According to Diego Puga and Professor Tony Venables, writing in the latest issue of the Economic Journal, unilateral trade policy can play an important role in promoting such industrialisation. But while a policy of import substitution can be successful in attracting industry, a policy of trade liberalisation attracts different industrial sectors and generates higher levels of welfare.

The determinants of a country''s stage of economic development are usually seen in terms of their endowments of factors (physical and human resources), their technologies and their institutional structures. While international differences in these factors are clearly important, Puga and Venables explore a radically different view of economic development and underdevelopment, based on the idea that economic activity may tend to agglomerate spatially. In this case, it is possible that countries with similar or even identical underlying characteristics may nevertheless have very different economic structures and income levels.

This observation is not new, and has been formalised in recent work in economic geography. The goal of these researchers'' work is to draw out more fully the implications of this approach for the process of economic development:

  • What forces are conducive to agglomeration, and what to the spread of industry from country to country?
  • If industrialisation does spread, what form does development take?
  • What is the role of policy, particularly trade policy, in promoting industrialisation?
  • Agglomeration of manufacturing sectors may result from linkages between industrial firms, and this creates substantial real income differences between countries.

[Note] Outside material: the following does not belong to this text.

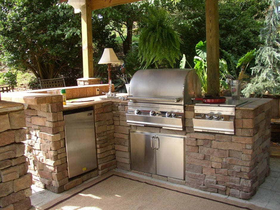 Одна из стен может примыкать к дому или другой постройке, позволяя вам сэкономить на материалах. Две каменные стены дают возможность обустроить угловую кухню, удобную с точки зрения эргономики и размещения столовой.

Yet firms do not move to low wage economies because in doing so they would forego the benefits of proximity to suppliers of intermediate goods and to their industrial customers.

These researchers focus on two forces that can lead to economic development. The first is to suppose that in the world as a whole, the manufacturing sector is growing relatively faster than other tradable sectors. Economies where industry is agglomerated will experience increasing demand for labour, opening up a larger and larger wage gap between countries.

At some point, this wage gap becomes unsustainable, and industry starts to spill over to low wage economies. However, this will not lead to steady development of all low wage economies, but instead to rapid industrialisation of countries in turn.

According to this view, economic development does not take the form of smooth growth by developing countries converging on the developed countries. Instead, there is a rich group of countries and a poor group. Development takes the form of countries being drawn in turn out of the poor group, and taken through a process of rapid development into the rich group. This is an insightful way to think about the spread of industry in a number of contexts, for example, from Japan to its East Asian neighbours.

The second issue is the role of developing country trade policy in promoting or hindering industrialisation. Puga and Venables show that unilateral trade policy can be used to attract industry by import substitution. More surprisingly, unilateral trade liberalisation can also be successful in attracting industry, as lower cost intermediate goods remove a barrier to industrial development.

Comparison of import substitution and trade liberalisation indicates that trade liberalisation yields higher welfare. The researchers analyse this in an aggregate model and then in a multi-industry variant of the model, calibrated to South Korean input-output and demand data. They use the calibration to show the different sectoral impact of trade liberalisation and import substitution, and to confirm the difference in welfare generated by the two policies.

''Agglomeration and Economic Development: Import Substitution versus Trade Liberalisation'' by Diego Puga and Tony Venables is published in the April 1999 issue of the Economic Journal. Puga is at the University of Toronto; Venables at the London School of Economics.